Sylvia Leonora, Lady Brooke, Ranee of Sarawak (born The Hon. Sylvia Leonora Brett, 25 February 1885 – 11 November 1971), was an English aristocrat who became the consort to Sir Charles Vyner de Windt Brooke, Rajah of Sarawak, the last of the White Rajahs.

Early life
Brett was born at No. 1, Tilney Street, Park Lane, Central London, the second daughter of Reginald Baliol Brett, the 2nd Viscount Esher, KCB.  Her mother Eleanor was the third daughter of the Belgian politician and revolutionary Sylvain Van de Weyer and his wife Elizabeth, who was the only child of the great financier Joshua Bates of Barings Bank. Sylvia grew up at the family home, Orchard Lea, at Cranbourne in Winkfield parish in Berkshire. Her paternal grandmother Eugénie Meyer was French, born in Lyons.

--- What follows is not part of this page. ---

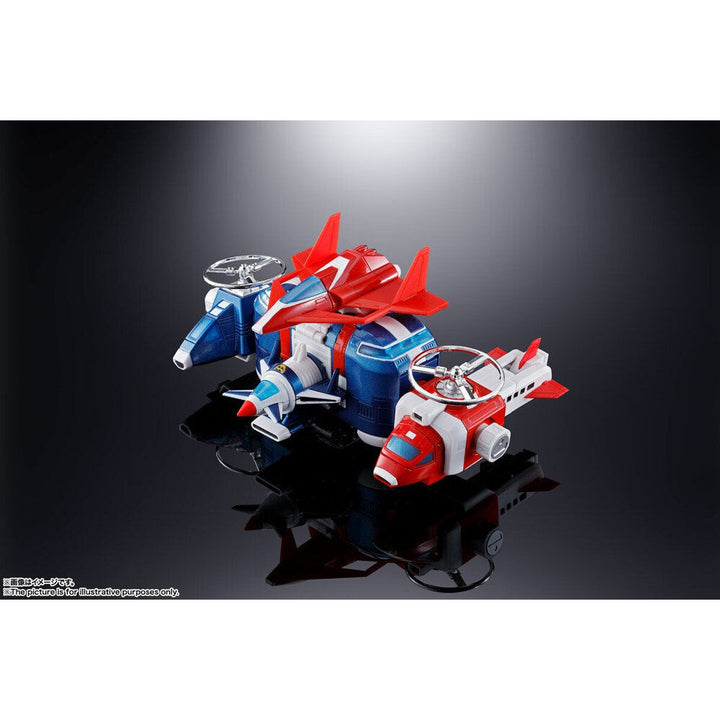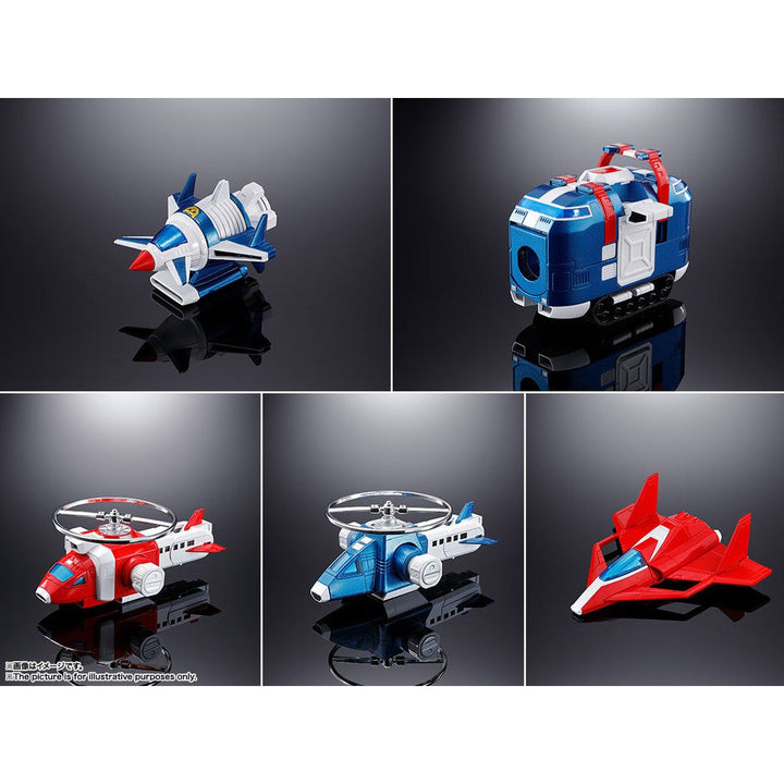 Fifteen vehicles combine into one massive robot! A long-awaited Soul of Chogokin edition of the globally popular super robot, it faithfully forms into the three Air, Land, and Sea Team combat modes as well as the towering GX-88 VOLTRON Ⅰ! The super-size set includes: #1 Command Jet Explorer; #2 Strato Weapons Module; #3 Air Recon Helicopter; #4 Air Recon Helicopter 2 #5 Falcon VT Fighter; #6 Communications Module; #7 Space Prober; #8 Space Prober; #9 Multi-Wheeled Explore; #10 Multi-Wheeled Explore; #11 Jet Radar Station; #12 Rotating Personnel Carrier; #13 Armored Equipment Carrie; #14 All-Terrain Space Vehicle; a stand; and two nameplates.

Sylvia Brett grew up in a troubled household. She was ignored by her courtier father, who was far more interested in flirting with young men than being a parent. Sylvia and her sister Dot had to suffer starvation of affection, and she decided to "electrify the world" when she grew up.

Ranee of Sarawak
Brett married His Highness Rajah Vyner of Sarawak at St Peter's Church, Cranbourne, Berkshire, just before her 26th birthday on 21 February 1911. They first met in 1909 when she joined an all-female choral orchestra, established by Vyner's mother. She first visited Sarawak in 1912, where her husband (from 1917) ruled a  jungle kingdom on the northern side of Borneo with a population of 500,000, an ethnic mix of Chinese, Malays, and the headhunting Dayak. Brett was invested with the titles of Ranee of Sarawak on 24 May 1917 and Grand Master of The Most Illustrious Order of the Star of Sarawak on 1 August 1941. Rajah Vyner died in 1963.

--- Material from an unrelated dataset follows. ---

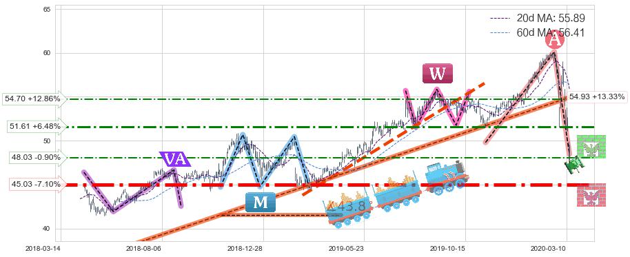 ♘ 阻力价格位54.70,可信任强度53.67%,距离最后交易2020-03-13形成的收盘价格48.47相差 +12.86%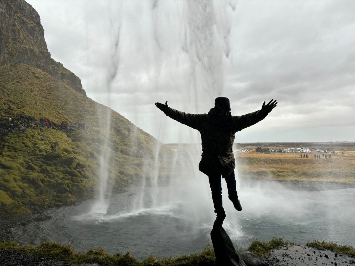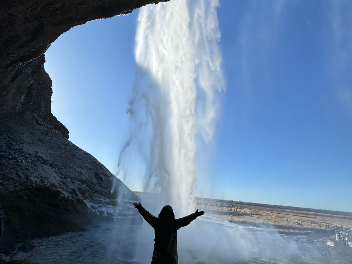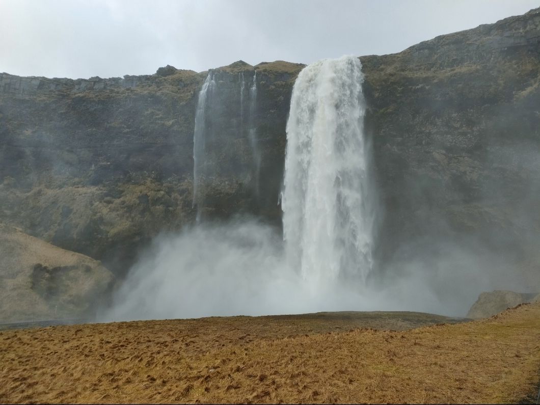 最初のスポットであるセリャラントスフォスは滝の裏まで行けますが、水飛沫がすごいのでレインコートがあるといいかと思います。髪の毛までびしょびしょでお風呂に入った後のようになりました。

Brett was distraught that her eldest daughter, Leonora, under Islamic law, could not take the throne; as a result she hatched various plots to blacken the name of the heir apparent, Anthony, the Rajah Muda.

She was known for having Machiavellian machinations, which agitated the British Colonial Office. Brett always had designs on her husband's succession because her daughters, as women, were not able to become a ruler of Sarawak. "Her own brother described her as a “female Iago” because she was the family nuisance and great schemer."

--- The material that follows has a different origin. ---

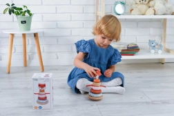 Żywe kolory i wzory na poszczególnych częściach wieży wspierają rozwój percepcji wzrokowej.

Richard Halliburton, the celebrated adventurer, met her as he circumnavigated the globe in 1932 with his pilot, Moye Stephens. She became the first woman in Sarawak to fly when the pair gave her a flight in their biplane, the Flying Carpet. Halliburton narrates an account of the visit in his book of the same name.

Sylvia Brett enjoyed dressing up in sarongs and exotic jewelry and decorated her London home with spears, totem poles.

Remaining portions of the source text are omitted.